#### Data records:
*****

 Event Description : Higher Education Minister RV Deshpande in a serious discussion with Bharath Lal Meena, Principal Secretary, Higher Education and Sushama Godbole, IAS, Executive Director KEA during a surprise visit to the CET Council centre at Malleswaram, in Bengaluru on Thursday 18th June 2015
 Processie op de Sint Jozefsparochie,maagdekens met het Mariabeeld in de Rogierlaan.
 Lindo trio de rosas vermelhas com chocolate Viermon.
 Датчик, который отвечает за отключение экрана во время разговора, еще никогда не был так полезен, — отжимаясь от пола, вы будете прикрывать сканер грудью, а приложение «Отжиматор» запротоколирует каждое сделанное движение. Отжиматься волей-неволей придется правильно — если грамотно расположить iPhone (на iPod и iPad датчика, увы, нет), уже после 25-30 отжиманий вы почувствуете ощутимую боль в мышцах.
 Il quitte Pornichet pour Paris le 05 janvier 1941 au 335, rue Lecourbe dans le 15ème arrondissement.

*****

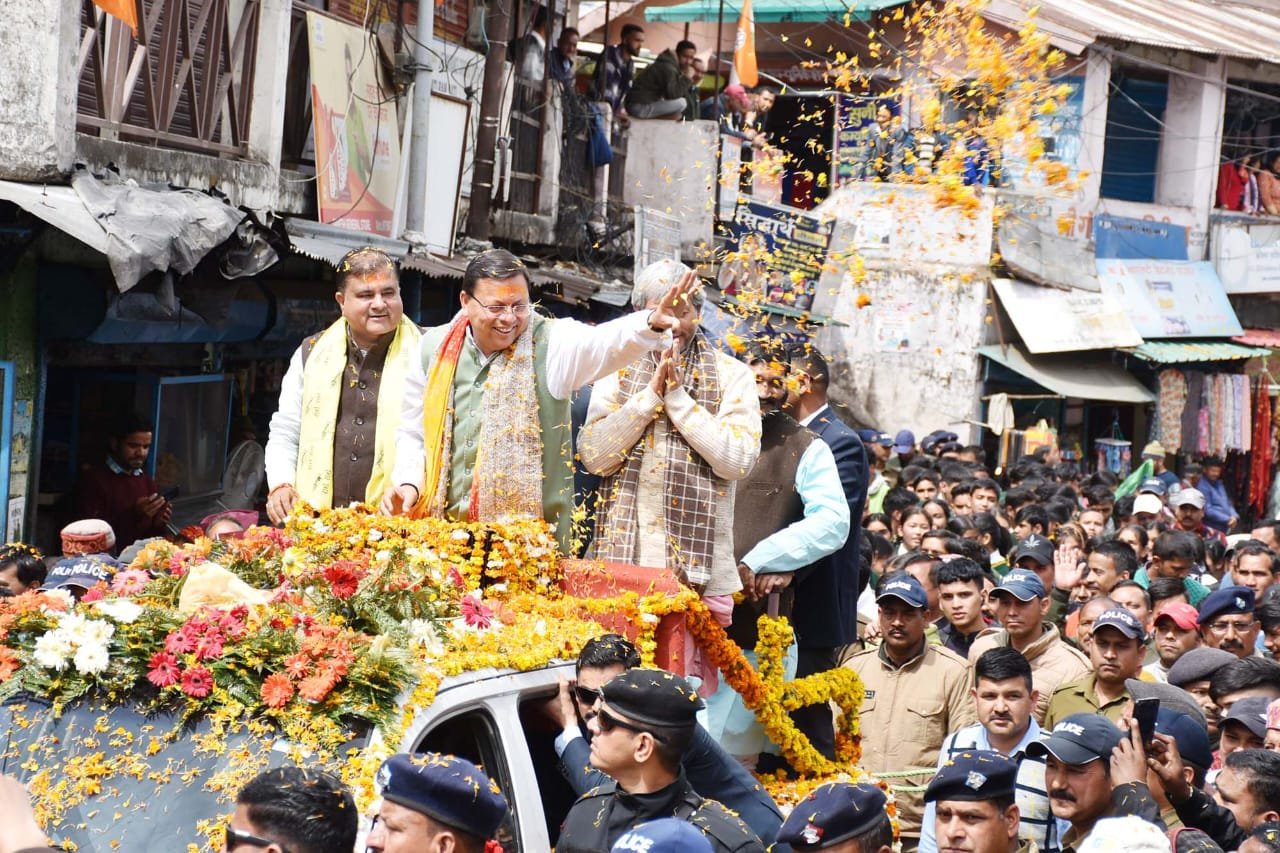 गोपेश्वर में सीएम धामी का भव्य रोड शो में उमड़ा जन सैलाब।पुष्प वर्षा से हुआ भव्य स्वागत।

*****

#### Work request:
Keeping every character as it is, restate the lines above that run from the line with "Processie op de" through the line with "Il quitte Pornichet", both included, and nothing else.

#### Written response:
 Processie op de Sint Jozefsparochie,maagdekens met het Mariabeeld in de Rogierlaan.
 Lindo trio de rosas vermelhas com chocolate Viermon.
 Датчик, который отвечает за отключение экрана во время разговора, еще никогда не был так полезен, — отжимаясь от пола, вы будете прикрывать сканер грудью, а приложение «Отжиматор» запротоколирует каждое сделанное движение. Отжиматься волей-неволей придется правильно — если грамотно расположить iPhone (на iPod и iPad датчика, увы, нет), уже после 25-30 отжиманий вы почувствуете ощутимую боль в мышцах.
 Il quitte Pornichet pour Paris le 05 janvier 1941 au 335, rue Lecourbe dans le 15ème arrondissement.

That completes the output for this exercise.